So far the only location of the 3 roasts that I have done that made any sense was to have the TC (Bare) right inside the glass, about 1" from the top of the bean bed. This seemed to correlate with what I would expect from the roast +/- 10 degrees.

I have also tried to insert it farther into the bean mass, and am seeing temps much closer to the air temp (about 550 degrees)

So, two questions:

1. What type of thermal mass (thermowell or otherwise) is on/around your Bare TC tip

2. Where in the bean mass are you placing the TC?
 
jkoll42
My experience was that temp readings were most accurate where the bean mass returns to the hot air column.

Do you have too much airflow going into your bean mass messing up your tc readings?
-Jon
Honey badger 1k, Bunn LPG-2E, Technivorm, Cimbali Max Hybrid, Vibiemme Double Domo V3
 
PaulHilgeman
Mine is spouting just like the beginning of this video:



I will try getting it right where they return to the air column.
 
jkoll42
Then I would think just off the side of the roast chamber and close to the base. You want the least influence of incoming hot air.
-Jon
Honey badger 1k, Bunn LPG-2E, Technivorm, Cimbali Max Hybrid, Vibiemme Double Domo V3
 
PaulHilgeman
thanks, will try again on a roast tonight.
 
PaulHilgeman
Alright, I give up on this with bare TCs.

I roasted two batches last night and I don't think there is a single location that gives good BMT estimations. I am afraid that if you are using a higher mass thermowell you are just watching it heat due to ambient conditions - which may parallel the BMT very well depending on your charge temp / preheat.
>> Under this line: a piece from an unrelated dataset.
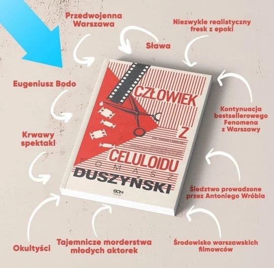 Ta niedziela – odwrotnie niż w piosence Mieczysława Fogga – wcale nie miała być dla nich ostatnia. Młode aktorki w przedwojennej Warszawie marzyły tylko o sławie na srebrnym ekranie. Zamiast tego znaleziono je martwe w zamkniętym atelier. Fragmenty nagranych pokątnie filmów z ich udziałem zapowiadają dalsze zbrodnie. Ślady prowadzą do okultystów – i coraz głębiej w przedwojenne środowisko warszawskich filmowców. Ile poświęcisz, żeby stać się gwiazdą? W śledztwie komisarzowi Wróblowi pomaga Antoni Słonimski, jednym z podejrzanych jest Eugeniusz Bodo, a w tle przewija się cały korowód barwnych postaci tych czasów. Kto jest reżyserem krwawego spektaklu, który wstrząsa mieszkańcami stolicy? Wszystko wskazuje na to, że niezależnie od wyniku śledztwa dla Antoniego Wróbla może to być ostatnie dochodzenie. Człowiek z Celuloidu Tomasza Duszyńskiego to kontynuacja bestsellerowego Fenomena z Warszawy i niezwykle realistyczny fresk z epoki, w której życie elit miesza się z historiami prosto z gangsterskiego półświatka i szczegółami biografii przedwojennych celebrytów! Komisarz Antoni Wróbel miał często do czynienia ze śmiercią. Czasem była to śmierć zwykła, ot, o most zaczepiło się napuchnięte niczym balon ciało samobójcy; czasem śmierć głupia i niepotrzebna, gdy grupa pijanych zabawowiczów przebiła samochodem barierkę i skończyła życie w nurtach Wisły. Pojawiały się jednak i inne sprawy, których okrucieństwo trudno było pojąć. Poćwiartowane zwłoki w walizce, ciało dziecka zatopione w szambie, zwłoki małżeństwa, torturowanego i zaszlachtowanego z powodu kilkudziesięciu złotych ukrytych pod materacem. Czy zdarzały się wśród nich sprawy jak ta ostatnia? Siedem ofiar w atelier „Sfinksa” i kolejna ofiara, której okrutna śmierć tak wyraźnie połączona była z poprzednimi? Niewątpliwie był to ciąg zaplanowanych, następujących po sobie wydarzeń. Przeprowadzonych z precyzją, a do tego sugerujących, że liczyć się trzeba z dalszym ciągiem tej popapranej historii. Z takim dochodzeniem komisarz jeszcze nie miał do czynienia.

With a bare TC, I found good data by placing the probe right in the air stream before it enters the RC. I found this to be really useful for understanding how I was heating the beans. For example, I had been coming up on 1C at about 525 degrees, once I heard 3-4 snaps on my Ethiopian roast, I increased my ambient intake to get the temps down to about 500. The roast went right through 1C in about a minute and I was able to coast into a C+ roast about 2 minutes later with a final 30s at about 560 degrees.

Tried it in a Mokha-Java blend this morning, it was intensely layered. As the coffee cooled there was a point where it smelled like blueberry muffins, when hot it was all citrus up front and chocolate on the finish.
 
JETROASTER
Hi Paul,
You have arrived at that place.....
"you are just watching it heat due to ambient conditions - which may parallel the BMT very well depending on your charge temp / preheat."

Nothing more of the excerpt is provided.